- WHAT IS NEEDED -
Your task is to copy every line of the entries that holds the word "جهاد".

Collection entries

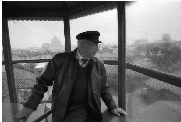
Este retrato de Gonzalo Rojas forma parte de la muestra. Es un proyecto en el que participan, entre otros, la Vicerrectoría de Comunicaciones, el Instituto VioDemos y la Escuela de Psicología UC.
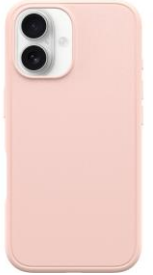
Ballet Shoes 77-96538 (Retail) 840304773589
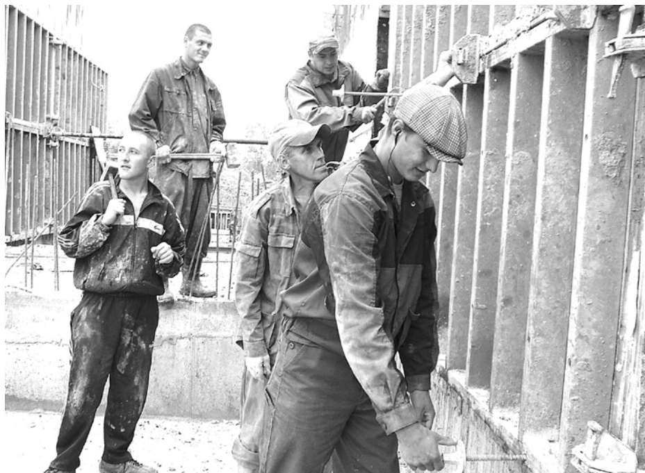
Работники ООО «УралЭнерго-инжиниринг» ведут монтаж опалубки стен.
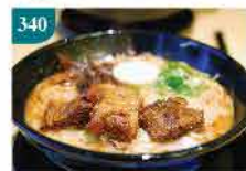
340 日式味附豬軟骨(熟) 約500g
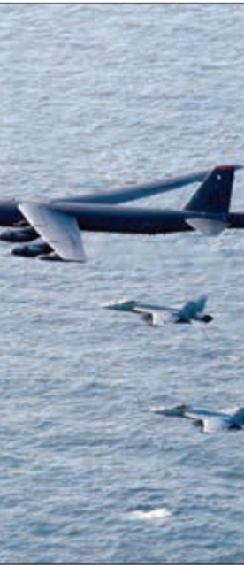
مقاتلات أميركية تحلق فوق بحر العرب بعد انطلاقها من على متن حاملة الطائرات أبراهام لنكولن مطلع الشهر الجاري

مستعدة للحوار مع إيران دون شروط مسبقة بشأن برنامجها النووي، لكنها تريد منها أن تتصرف «كدولة طبيعية» أولاً. وتساعدت حدة التوتر بين الجانبين خلال الأسابيع الماضية بعد عام من انسحاب الولايات المتحدة من اتفاق بين إيران والقوى العالمية للحد من برنامج طهران النووي مقابل رفع العقوبات.
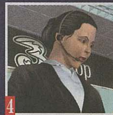
4 事主於 9 月初上網查看賬單，赫見電話費高達 1,117 元，大部份為追蹤服務費，致電客戶服務熱線投訴
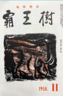
短歌雑誌「霸王樹」 1958年11月号
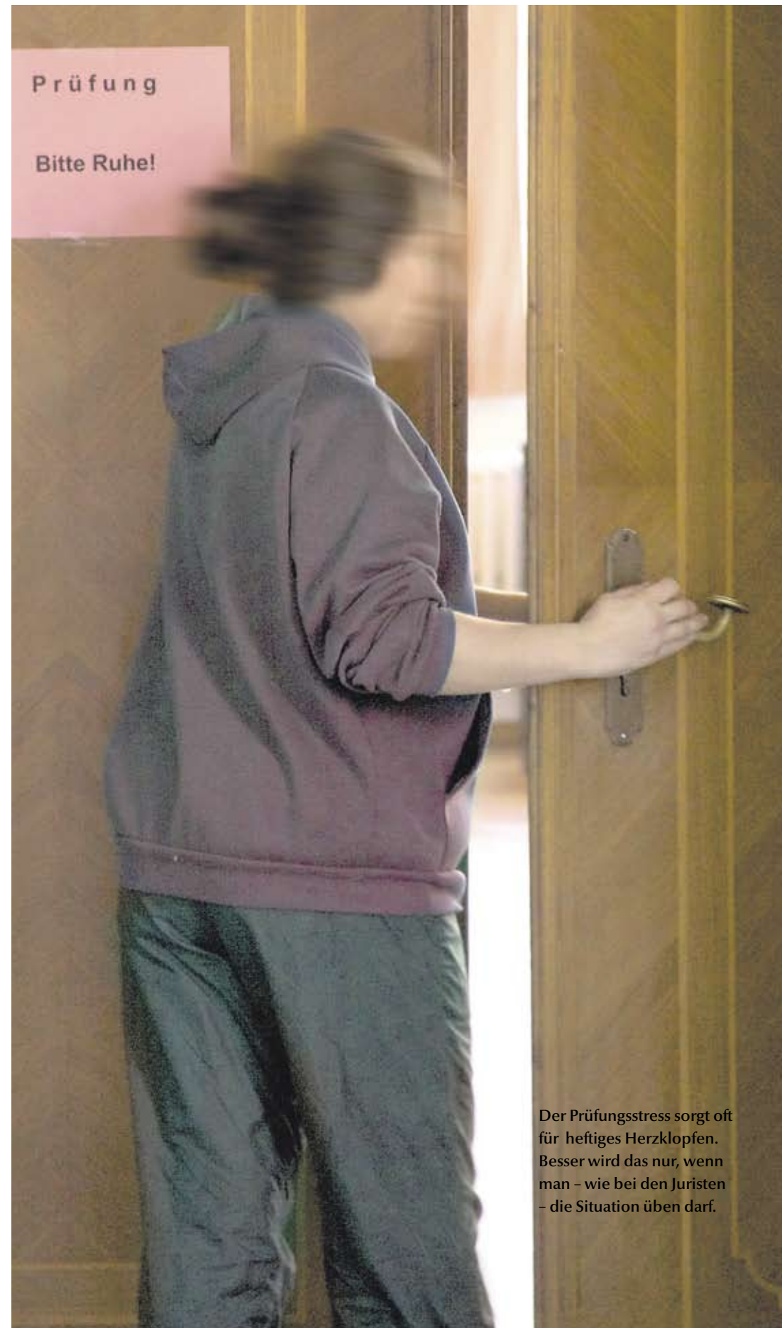
Der Prüfungsstress sorgt oft für heftiges Herzklopfen. Besser wird das nur, wenn man – wie bei den Juristen – die Situation üben darf.

Seit 2003 können Würzburger Jura-Studenten fürs mündliche Staatsexamen proben.
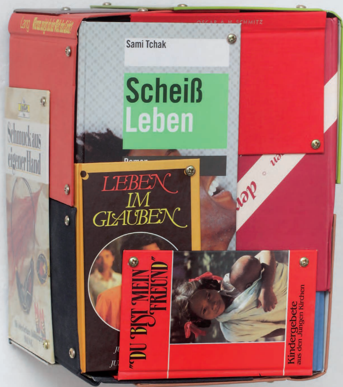
Im Auftrag des Königs | 2009 | Buchdeckel, Schrauben | 20 x 28 x 20 cm
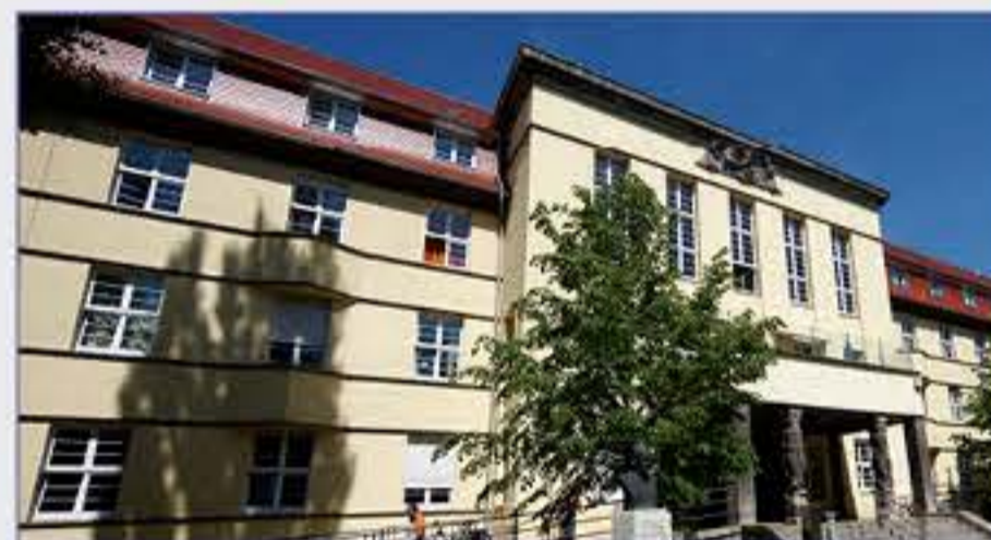
Haus 3 - Frau-Mutter-Kindzentrum
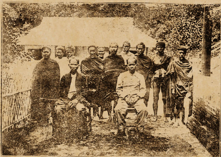
Huyền mọi và Chánh-tổng mọi tại Kontum (Dự-thăm loa ân Mọi)
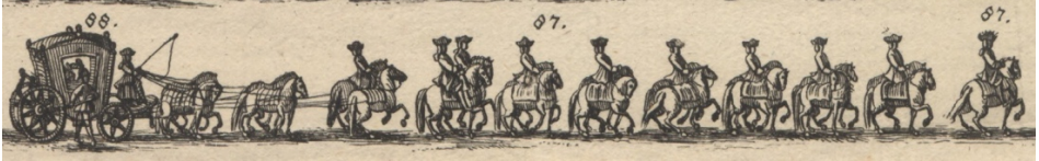
Görsel 34. 87- Altı koşumlu ve yedekli atı olduğu hâlde Prens Augsburg'ın mirahuru. 88- Prens Augsburg'ın arabası ve iki haydut (Macar paralı asker, Alm. Heiduck ).
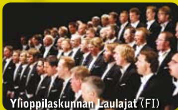
Ylioppilaskunnan Laulajat (FI)
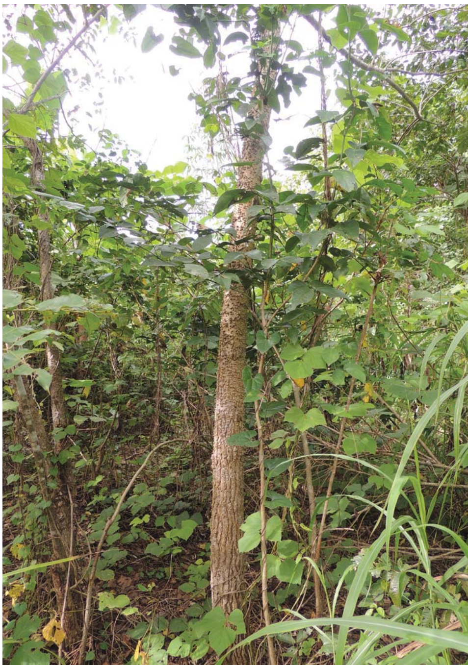
Figura 2. Cajá plantado a partir de estaca de 1,5 metros, retirada do caule de uma árvoreta.
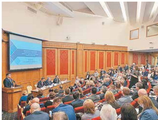
На Всероссийском обучающем семинаре по вопросам расселения аварийного жилья

В пресс-службе Минстроя России отметили, что, хотя термин «ветхое жилье» постоянно используется, точного его определения в законодательстве не было. По сути, ветхое жилье — это жилье сильно изношенное, но еще не ставшее аварийным. Границу между аварийным и ветхим жильем предполагается провести таким образом: аварийное жилье создает угрозу жизни и здоровью граждан и требует обязательного расселения, ветхое жилье таких угроз не создает и при условии проведения мониторинга технического состояния и поддерживающего ремонта может эксплуатироваться еще некоторое время. «Чтобы не возникало смешения этих понятий и разницы в оценках состояния дома, Минстроем России подготовлены изменения в постановление правительства РФ №47, которое устанавливает порядок обследования домов», — пояснили в ведомстве. — Изменения конкретизируют критерии отнесения домов к категориям аварийных и ветхих. Для принятия решения о состоянии до-
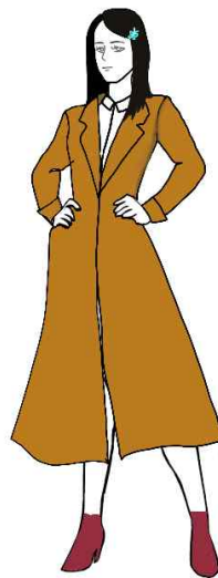
Fig. 2. Example of Naoko's style

특히, 미도리와 ‘선글라스’, ‘미니스커트’가 비교적 강한 연결을 보였으며, 해당 키워드는 외모 키워드인 ‘날씬한’, ‘밝은’과 연결되었다. 선글라스와 미니스커트는 미도리의 날씬한 외형과 밝은 성격을 반영하는 의상 장치인 것을 확인할 수 있었다.
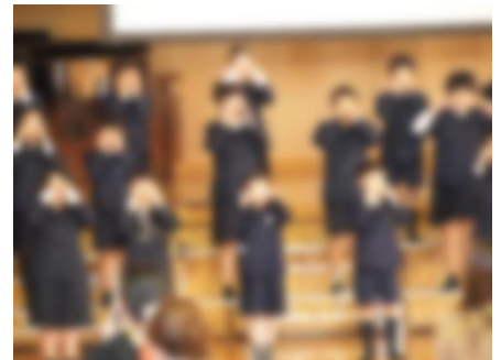
3年生 「三年生的一天」
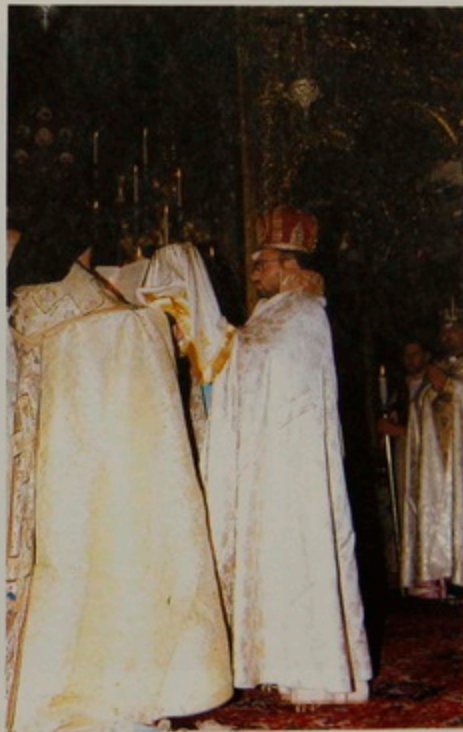
Կիր. 6 Օգոստ. 2000.- Քահանայական Օծումն Ճակատի, Աշ և Ահեակ Ափերուն, առաջին «Խաղաղություն ամենեցունը», և սկիհով պատարագելու իշխանություն ստանալը, Տ. Նորայր Լուսակրօն փահմայի.
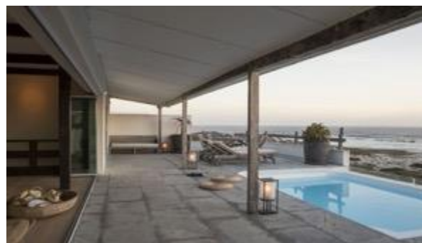
Strandlage im Küstenstädtchen Yzerfontein
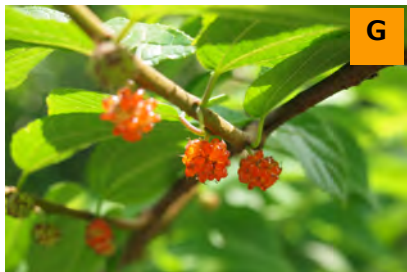
ヒメコウゾ (薬用区)
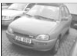
Mazda 121 DB 1,3i r.v. 2003, cena 35.000 Kč tach.: 124 tis. km, červená rádio, centrála, nehavarované, kou- peno v CZ, servisní knížka
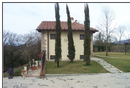
Foto: 15 Data ripresa: 24/02/2006 Edificio: 353/A File: 353-15.JPG
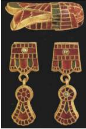
Fibule en or garnie et cloisonnée

De plus, à partir de 418, les Wisigoths constituèrent de puissants royaumes territoriaux, d'abord en Aquitaine, puis en Espagne.
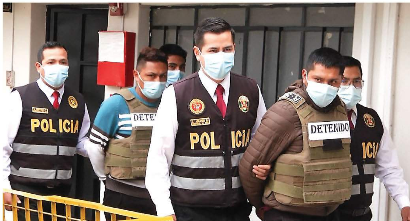
El evento virtual se llevó a cabo los días 25 y 26 de abril y fue transmitido vía Facebook Live y YouTube del gremio empresarial.
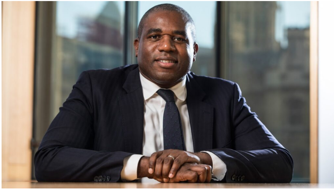
டேவிட் லமி எம்பி (Rt.Hon. David Lammy MP)யுடன் இராஜதந்திர சந்திப்பு –

????????? ?????????????? ?????????????? ????????????????????? ?????????????????????????????????? ?????????? ????????????????? ??????????!
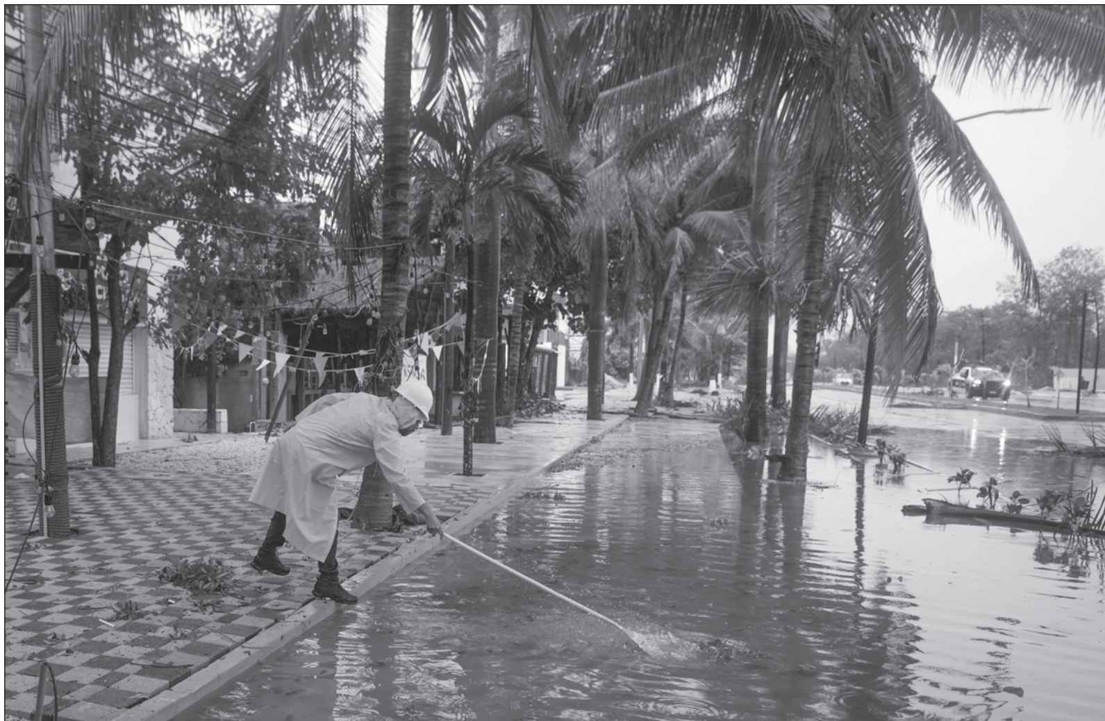
▲ "Esta pausa debe ser aprovechada para prepararnos. Limpiar drenajes pluviales, hacer obras que canalicen el desagüe desde los puntos de mayor inundación, educación ambiental, capacitación a servidores públicos y Protección Civil, preparación de albergues, planes de contingencia, combate a plagas y enfermedades que vienen con las lluvias".
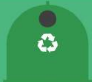
Envases de vidrio
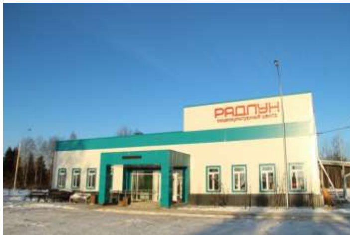
Социокультурный центр «Радлун» (Дом культуры и библиотека)

Подъезд к зданию библиотеки асфальтобетонное покрытие без перепадов.
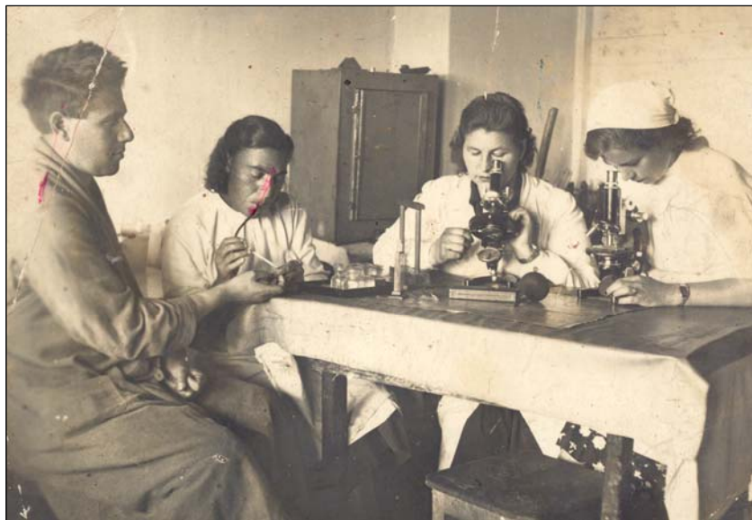
Фото 4. В лаборатории Сортировочного эвакуационного госпиталя.

Что касается культурного обслуживания наших раненых и больных силами культурных учреждений города, то от них в прошлом году мы получали большую помощь, то сейчас эта помощь значительно ухудшилась. За артистами нужно посылать по пять раз, а транспорта у нас нет лишнего. А то еще так – “накормите – пойдем, не накормите – не пойдем, далеко – не пойдем”. А вот возьмите такие госпитали, как психбольница – туда затащить лектора очень трудно. Я считаю, что сейчас надо будет об этом подумать [...]
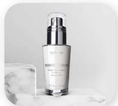
کرم مخصوص شب اوریفلیم
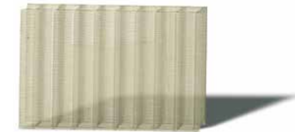
Muster 2: \Delta Y_i = 2 : LEXAN THERMOCLEAR Platten-Garantie
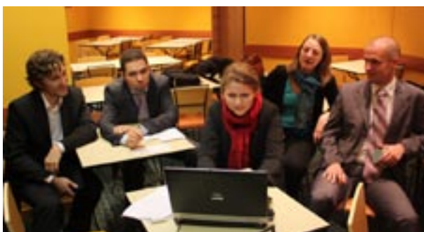
Konferenzvorbereitungen in Rennes
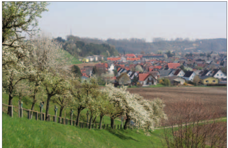
Abb. 11: Streuobstblüte am Kreuzberg. 18. 4. 2012.

Der Berg-Lauch ( Allium lusitanicum , = A. senescens ssp. montanum – Abb. 16) ist im Untersuchungsgebiet nur von einem einzigen Felsrasen auf einer Konglomeratstufe im nord-östlichen Hangteil beim Keltenweg kleinflächig nachgewiesen (Abb. 13). 1998 und 1999 waren dort 70 bzw. 84 Blühtriebe zu finden. Am 4. 8. 2012 konnten etwa 320 (!)
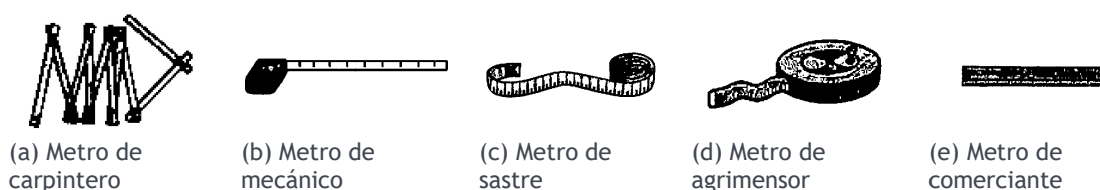
Figura 1. Representaciones del metro en libros de texto (Autor, et al., 1980, p. 130)

Destacan las formas de representar el metro. Durante este periodo predomina la ilustración del metro articulado, con un sistema plegable de diez decímetros cada porción (ver Imagen a, figura 1), una cinta métrica (Imágenes b, c y d; Figura 1) y una vara rígida (Imagen e, Figura 1). Algunos textos resaltan las representaciones gráficas del metro asociadas a diferentes oficios. La figura 1 incluye estas representaciones.
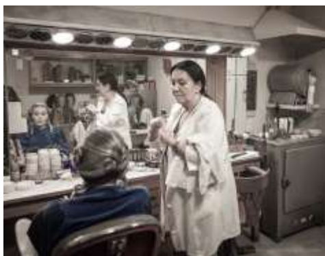
Charakteryzatorka teatralna przy pracy

Gdybym ich spotkał na ulicy nie rozpoznałbym ich. A Ty ?
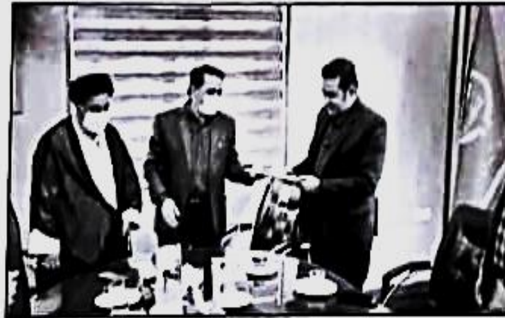
آرژشمن عشایر را بشناسند و در عمل بر آنها ارزش بگذارند. رئیس سازمان جهاد کشاورزی فارس در

در فارس مس از گذشته استفاده نمود، افزود: صداقت، شجاعت، غیرت، تحمل شخصی ها، ولایتداری، امانتداری و شجاعت از ویژگی های بارز و متمایز بوده که در جامعه عشایری وجود دارد. رئیس سازمان جهاد کشاورزی استان فارس نقش عشایر در صادرات قیل نا دوران بسیاری انقلاب اسلامی ایران و رساندن آنها به استان در دفاع مقدس را برجسته توصیف و تصریح کرد؛ تاریخ عشایر گواهِ بر سر است جامعه عشایری است و باید گفت عشایر ارجمونی خود را از دهه های قبل پس داده و محسین بزمیان متعلق به دیروز و امروز است و مدیران باید ظرفیت گران سنگ و
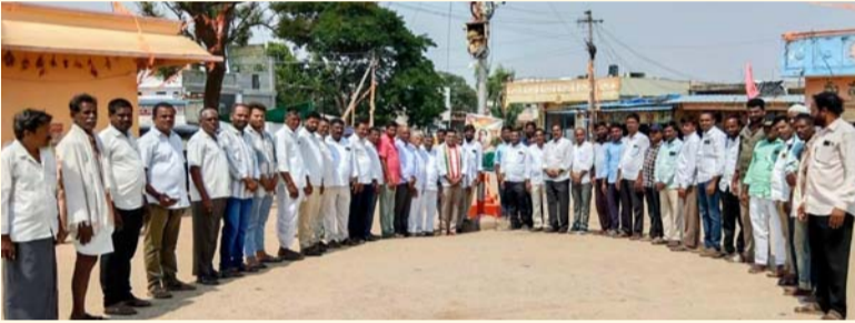
సామాజిక తెలంగాణ దోమ మండలం మే 21
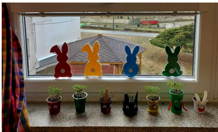
Obrázek č. 25 – Osivo 18. března 2022

Inspirováno z: https://primainspirace.cz/2021/03/14/privitejte-jaro-jiz-v-oknech-inspirace-na-krasne-dekorace-ktere-vyzdobi-vase/#.YE6DuEF85kQ .pinterest
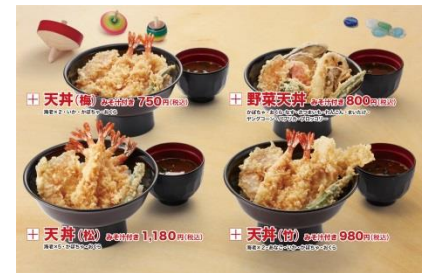
天井（松・竹・梅）と野菜天井

「大江戸てんや」の元店舗となる「天井てんや 浅草雷門店」では訪日外国人客が約9割を占め、現金以外の決済を要望される方が多くいらしたため、「大江戸てんや」では支払いをクレジット、電子マネー、中国モバイル決済の完全キャッシュレス化*としました。メニューは松・竹・梅の天井と野菜天井、江戸時代には一般的だった串天スタイルの天ぷら（テイクアウト専用）など、海外のお客様にわかりやすく選びやすいメニューをご用意しました。また Free Wi-Fi 「FON」を導入し、快適な無線 LAN 環境を提供します。
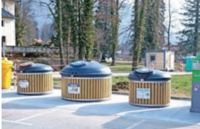
Nov, lepši ekološki otok
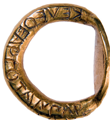
Fig. 2. Jonc de l'anneau (inscription B) (© MNIR, Bucarest, inv. 10616).
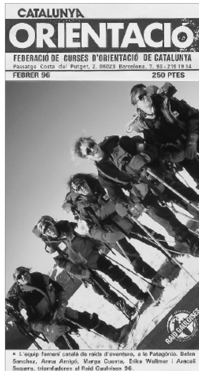
■ Butlletins Catalunya ORIENTACIÓ 1996.
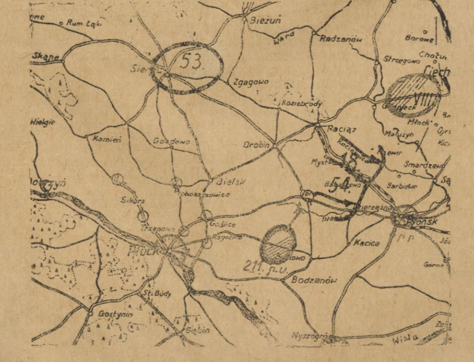
211 pułk ułanów według planu sytuacyjnego z dn. 16-VIII godz. 12 w południe. W obwodach kreskowanych — wojska polskie; czarnych — bolszewickie.
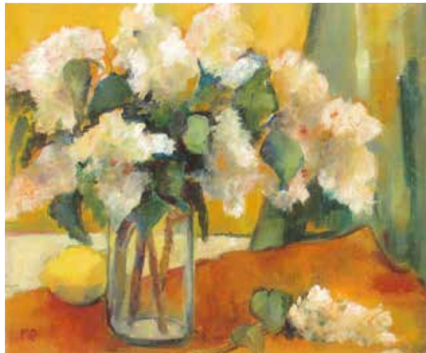
Une œuvre de Monique Van Beveren

- RESPONSE TO THIS TASK -
آرژشمن عشایر را بشناسند و در عمل بر آنها ارزش بگذارند. رئیس سازمان جهاد کشاورزی فارس در
در فارس مس از گذشته استفاده نمود، افزود: صداقت، شجاعت، غیرت، تحمل شخصی ها، ولایتداری، امانتداری و شجاعت از ویژگی های بارز و متمایز بوده که در جامعه عشایری وجود دارد. رئیس سازمان جهاد کشاورزی استان فارس نقش عشایر در صادرات قیل نا دوران بسیاری انقلاب اسلامی ایران و رساندن آنها به استان در دفاع مقدس را برجسته توصیف و تصریح کرد؛ تاریخ عشایر گواهِ بر سر است جامعه عشایری است و باید گفت عشایر ارجمونی خود را از دهه های قبل پس داده و محسین بزمیان متعلق به دیروز و امروز است و مدیران باید ظرفیت گران سنگ و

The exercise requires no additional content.